TASK PROMPT:
Quote the listing below in full and exactly as written, but omit every picture.
BEGIN GIVEN INFORMATION
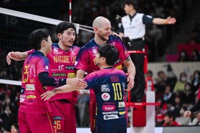 日本製鉄堺ブレイザーズはホームでVC長野トライデンツと対戦。初戦をストレートで勝利して連敗を止めた日鉄堺BZは、続く2戦目では第1セットを落としたものの、第2セットを取り返すと、第3セット以降は一進一退の展開となり、最終第5セットを制して勝利をつかんだ。この試合では、トンマーゾ・リナルディ(25得点)と高梨健太(21得点)が、ともに60%超のアタック決定率で安定して得点を重ね、勝利に貢献。連勝で順位を一つ上げた。
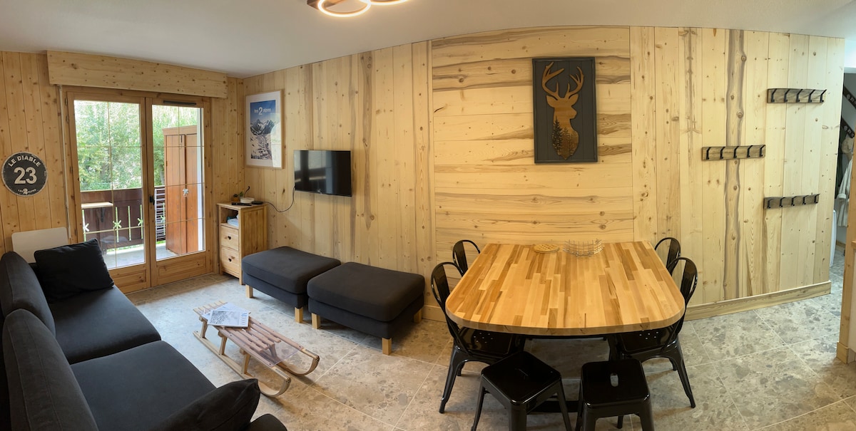 Superbe appartement sur commune des deux Alpes entièrement refait à neuf en 2021 et modernisé en 2025. En dernier étage d'une petite résidence calme proche du centre historique des 2 Alpes. Vous serez éblouis par la vue à couper le souffle et le panorama à 180 degrés sur la station d'un côté et la Muzelle de l'autre. Appartement entièrement et fraîchement rénové de façon moderne et design avec des matériaux de qualité. Nous aurons plaisir à vous faire partager notre havre de paix !
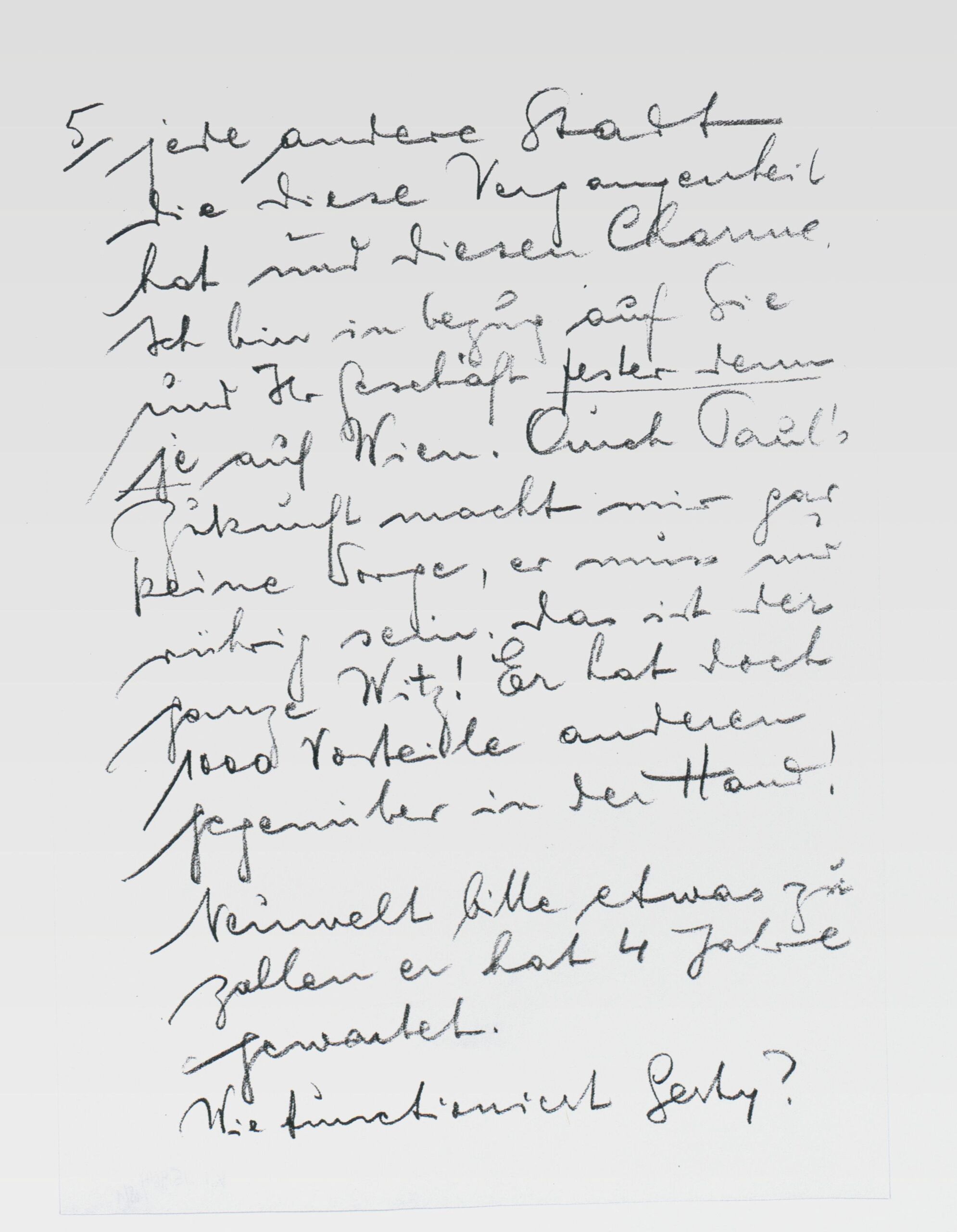- : ...jede andere Stadt die diese Vergangenheit hat und diesen Charme. Ich bin in Bezug auf Sie und Ihr Geschäft fester denn je auf Wien. Auch Paul’s Zukunft macht mir gar keine Sorge, er muss nur ruhig sein. Das ist der ganze Witz! Er hat doch 1000 Vorteile anderen gegenüber in der Hand! Neuwelt bitte etwas zuzahlen er hat 4 Jahre gewartet. Wie funktioniert Gerty? ...
END GIVEN INFORMATION
RESULT OF THE EXERCISE:
 日本製鉄堺ブレイザーズはホームでVC長野トライデンツと対戦。初戦をストレートで勝利して連敗を止めた日鉄堺BZは、続く2戦目では第1セットを落としたものの、第2セットを取り返すと、第3セット以降は一進一退の展開となり、最終第5セットを制して勝利をつかんだ。この試合では、トンマーゾ・リナルディ(25得点)と高梨健太(21得点)が、ともに60%超のアタック決定率で安定して得点を重ね、勝利に貢献。連勝で順位を一つ上げた。
 Superbe appartement sur commune des deux Alpes entièrement refait à neuf en 2021 et modernisé en 2025. En dernier étage d'une petite résidence calme proche du centre historique des 2 Alpes. Vous serez éblouis par la vue à couper le souffle et le panorama à 180 degrés sur la station d'un côté et la Muzelle de l'autre. Appartement entièrement et fraîchement rénové de façon moderne et design avec des matériaux de qualité. Nous aurons plaisir à vous faire partager notre havre de paix !
- : ...jede andere Stadt die diese Vergangenheit hat und diesen Charme. Ich bin in Bezug auf Sie und Ihr Geschäft fester denn je auf Wien. Auch Paul’s Zukunft macht mir gar keine Sorge, er muss nur ruhig sein. Das ist der ganze Witz! Er hat doch 1000 Vorteile anderen gegenüber in der Hand! Neuwelt bitte etwas zuzahlen er hat 4 Jahre gewartet. Wie funktioniert Gerty? ...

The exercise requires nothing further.